Behind the Questions

In the previous chapter, Jesus was zealous for the temple, driving out the animal-sellers with the rebuke that they were turning it into a den of thieves. Now the priests, teachers of the Law and elders (I’ve nicknamed them the ‘Religious trinity’) come to Him with a question. They want to challenge His authority, so they ask who gave Him the right to do these things (Luke 20:2). Jesus responds with a question of His own about His relative, John the Baptist. “Did John’s authority to baptise come from heaven, or was it merely human?” He already knows they’ll avoid answering, but His question makes them search their hearts. What do they believe about John, and therefore about Him?

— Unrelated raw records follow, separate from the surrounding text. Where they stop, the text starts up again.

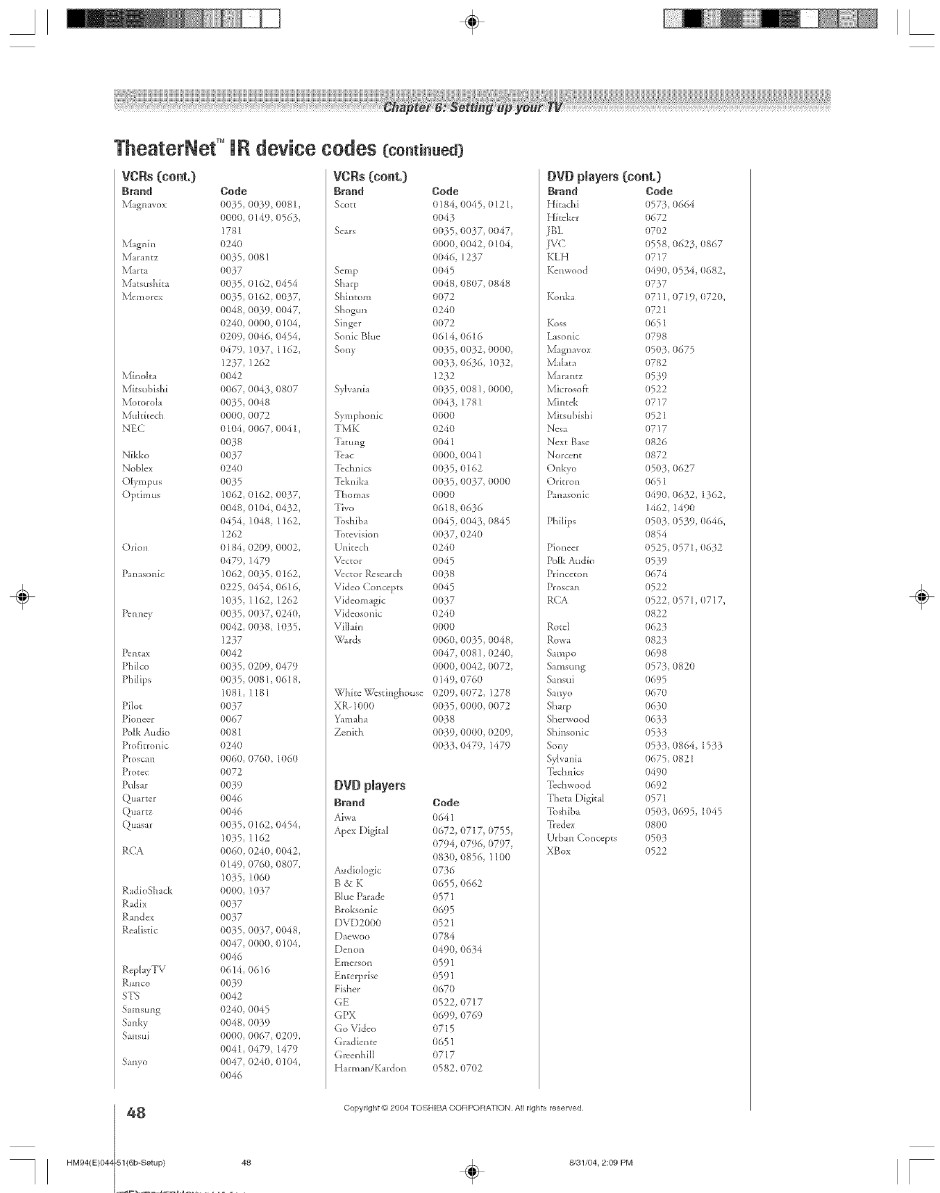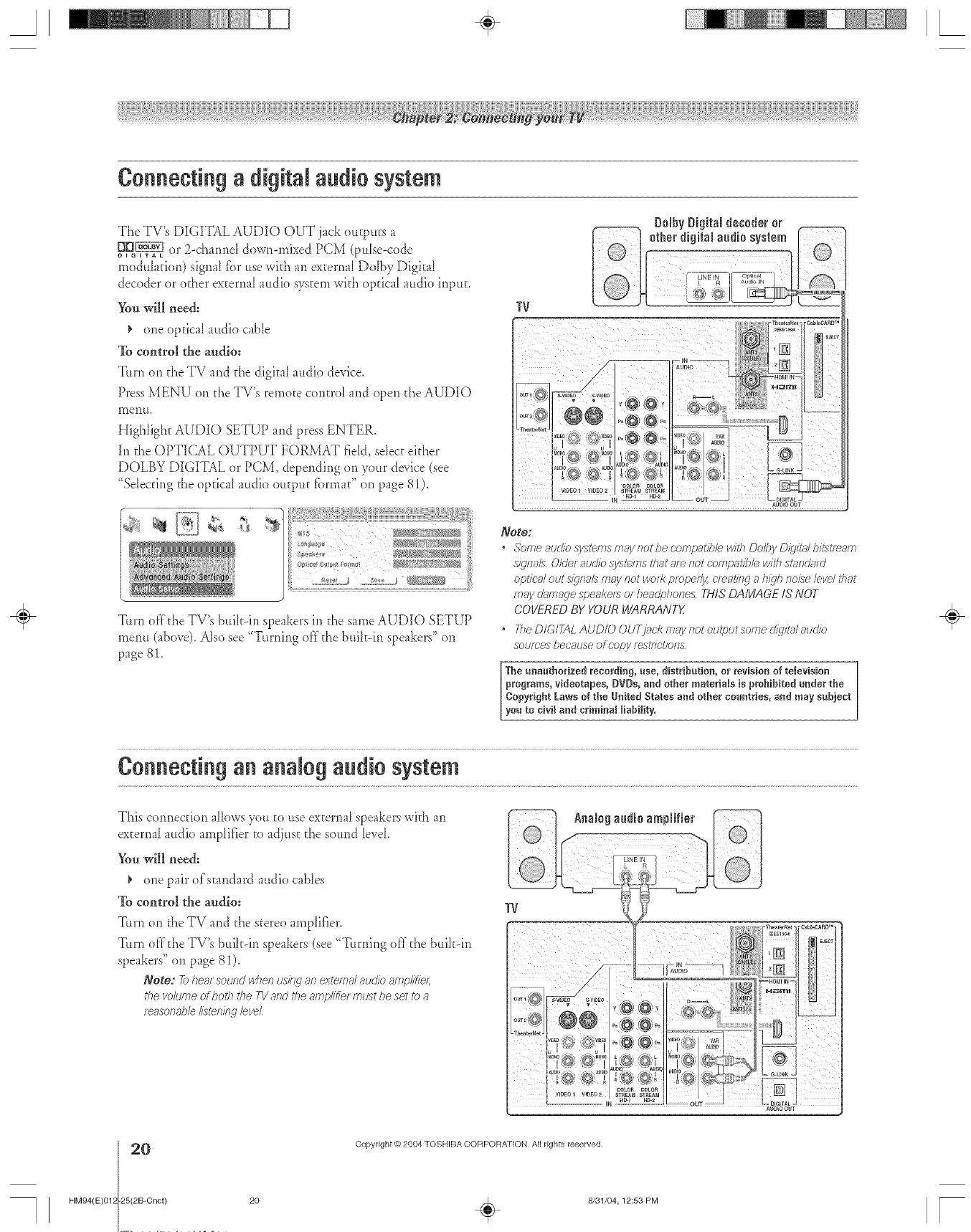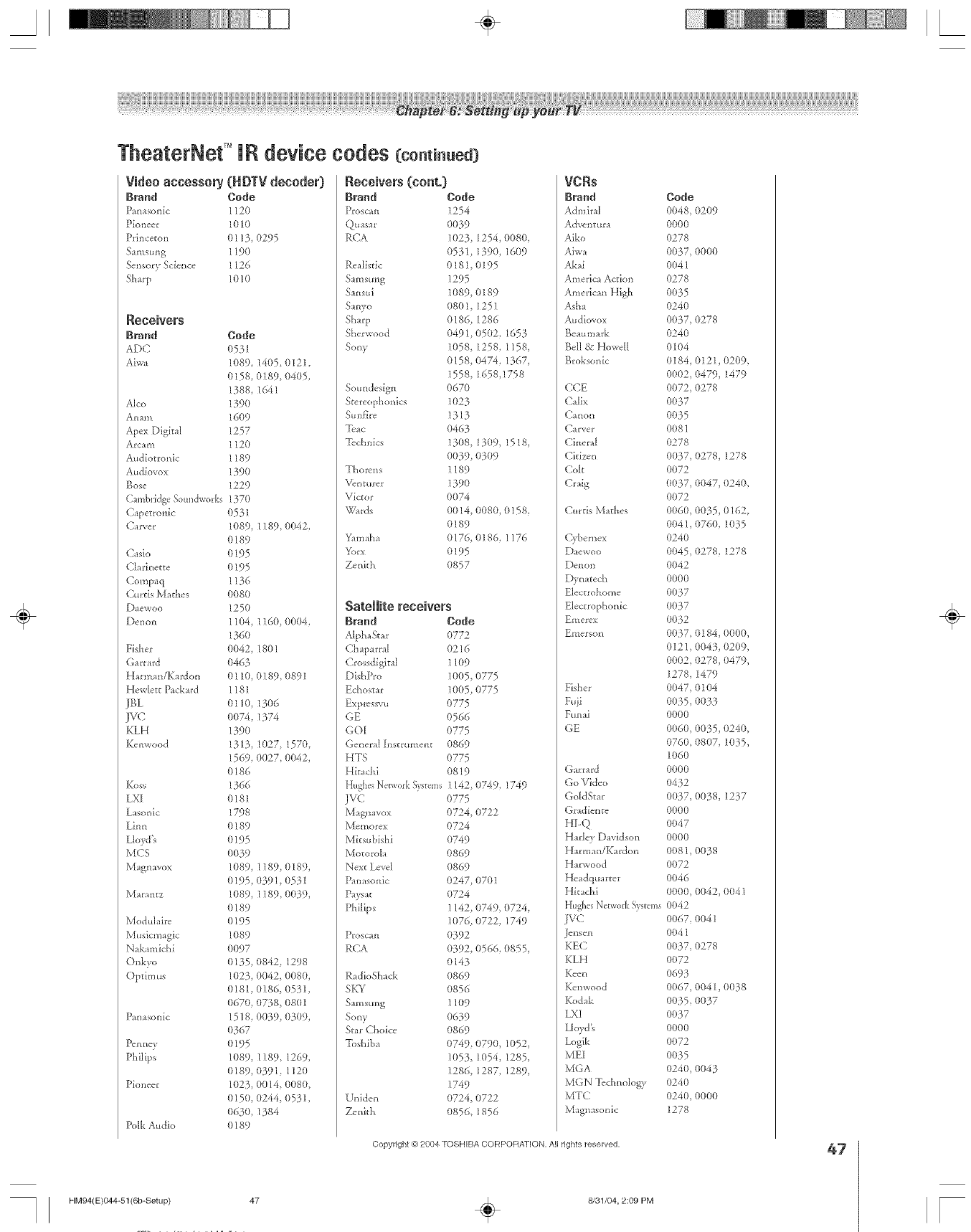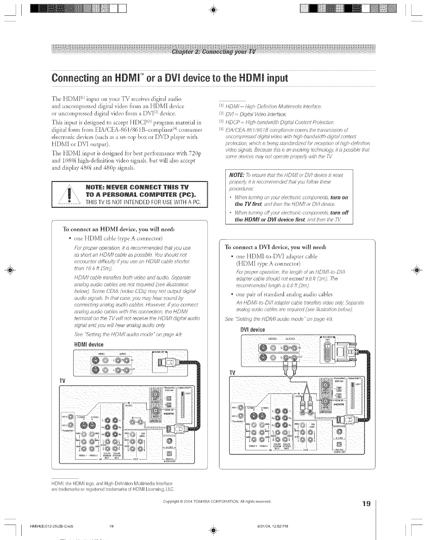 Toshiba 46HM94 User Manual DLP Manuals And Guides L0523085
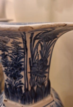Not that the presence of European architecture is definitive, as the Chinese did produce European scenes on some Chinaware intended for the export market. It can be particularly difficult to distinguish Chinese production from Delftware because, as the European market became more important to the Chinese, they produced pottery that looked like Delftware alongside chinaware. The items shown below (all from the V&A in London) were made in China for the export market. The coffee pot (5) imitates a Dutch coffee pot while the figure of a Dutchman (7), although made in China, was decorated in the Dutch Republic.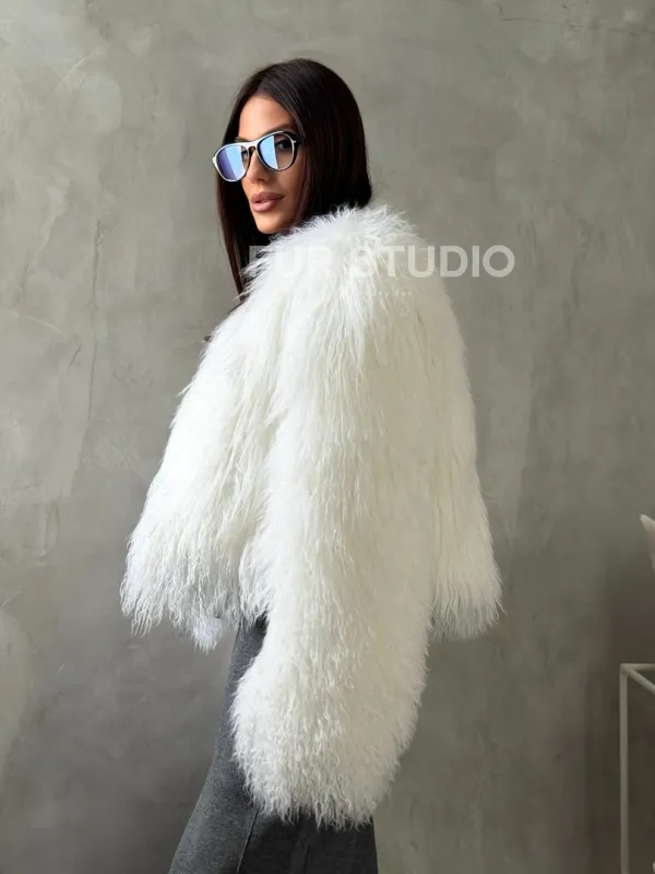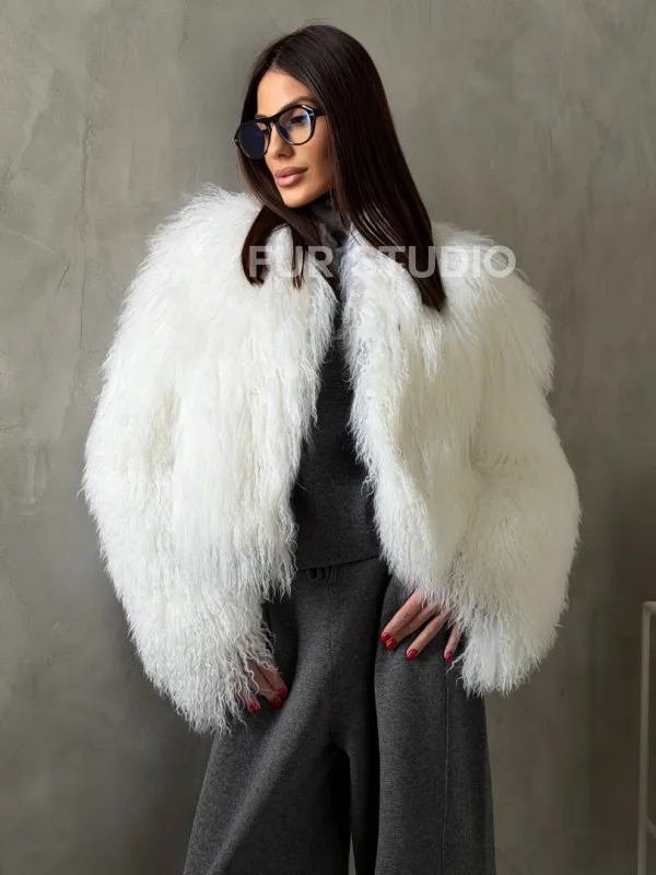 Белая кроп-шуба из меха ламы 102778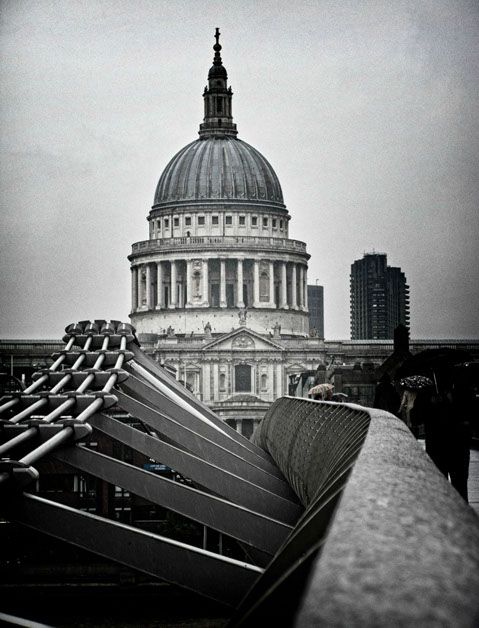 St Paul's Cathedral from the Millenium bridge, London. In the rain ....

Jesus then launches into one of His stories, this time about tenants looking after a vineyard. When the harvest was due, they attacked those who came to collect it on behalf of the owner. Finally they killed the owner’s son, who was heir to the estate. Jesus concludes with another question. “What do you suppose the owner of the vineyard will do” (Luke 20:15)? He’s explaining the kingdom of God to them. God’s kingdom is the vineyard, but those leaders who are in charge of it will be displaced in favour of others because of their shameful treatment of Jesus. They’re well aware He’s using the story against them (Luke 20:19).

In their annoyance, the leaders send out undercover spies. Pretending to be honest, they ask about paying taxes to Caesar, but really they’re trying to trap Jesus so they can report Him to the Roman governor. He cleverly answers by holding up a coin with Caesar’s image on it. “Give to Caesar what belongs to Caesar, and give to God what belongs to God.” They’re stunned into silence.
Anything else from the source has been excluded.